■ **Input for this task**
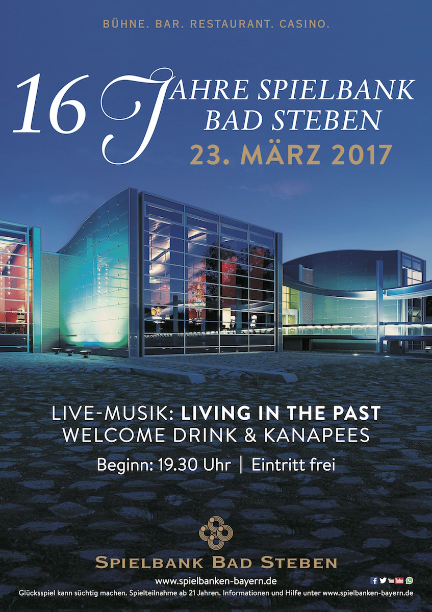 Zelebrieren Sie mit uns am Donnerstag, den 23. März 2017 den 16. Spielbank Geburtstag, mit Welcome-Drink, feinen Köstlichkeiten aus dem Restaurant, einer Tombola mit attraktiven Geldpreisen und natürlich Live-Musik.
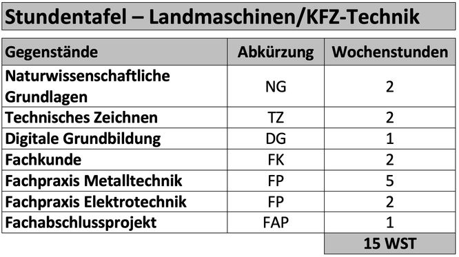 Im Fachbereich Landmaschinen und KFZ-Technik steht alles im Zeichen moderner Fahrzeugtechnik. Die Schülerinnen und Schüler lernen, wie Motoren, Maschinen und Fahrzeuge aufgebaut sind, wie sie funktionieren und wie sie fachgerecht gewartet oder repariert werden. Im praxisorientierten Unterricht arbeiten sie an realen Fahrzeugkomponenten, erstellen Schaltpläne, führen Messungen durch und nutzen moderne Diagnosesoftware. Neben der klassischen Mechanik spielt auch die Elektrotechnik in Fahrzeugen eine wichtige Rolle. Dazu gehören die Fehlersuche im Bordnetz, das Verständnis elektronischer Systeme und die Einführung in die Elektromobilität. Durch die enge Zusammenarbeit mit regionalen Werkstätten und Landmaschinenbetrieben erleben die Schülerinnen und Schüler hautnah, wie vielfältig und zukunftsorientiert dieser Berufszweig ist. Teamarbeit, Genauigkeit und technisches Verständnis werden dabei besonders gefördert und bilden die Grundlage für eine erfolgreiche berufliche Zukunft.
...
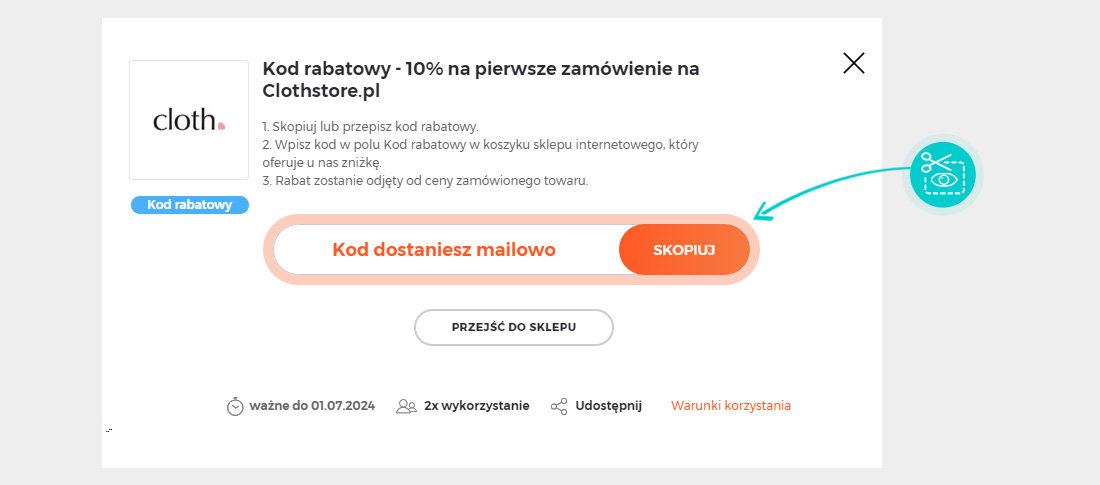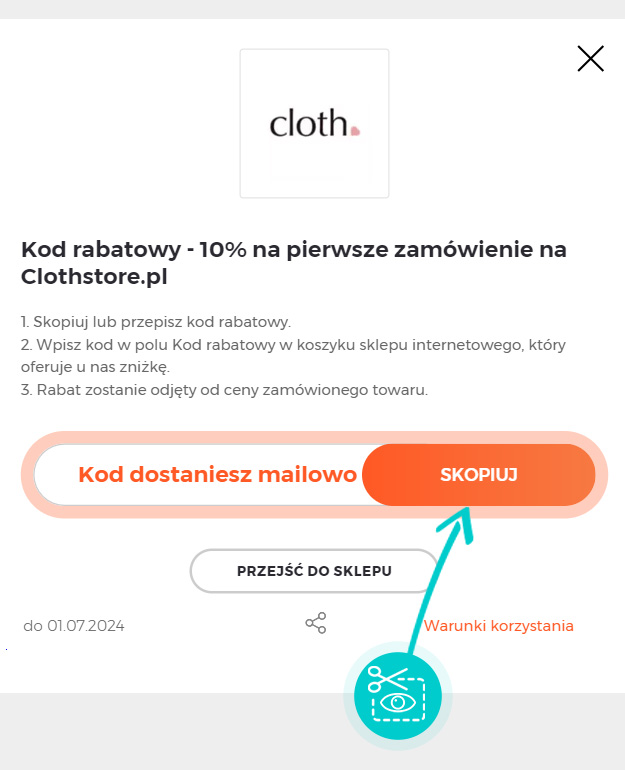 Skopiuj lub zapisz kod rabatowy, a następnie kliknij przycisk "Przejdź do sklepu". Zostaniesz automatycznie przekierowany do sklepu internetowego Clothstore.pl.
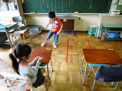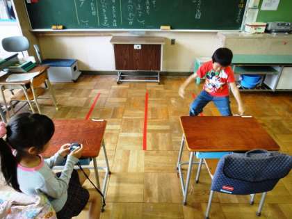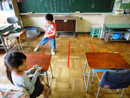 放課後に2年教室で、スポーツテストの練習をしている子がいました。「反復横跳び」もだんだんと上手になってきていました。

■ **Problem**
A verbatim reproduction is expected: starting at the line above that has "Skopiuj lub zapisz", ending at the line that has "放課後に2年教室で、スポーツ", both included, and with no pictures and no other lines.

■ **Answer space**
 Skopiuj lub zapisz kod rabatowy, a następnie kliknij przycisk "Przejdź do sklepu". Zostaniesz automatycznie przekierowany do sklepu internetowego Clothstore.pl.
 放課後に2年教室で、スポーツテストの練習をしている子がいました。「反復横跳び」もだんだんと上手になってきていました。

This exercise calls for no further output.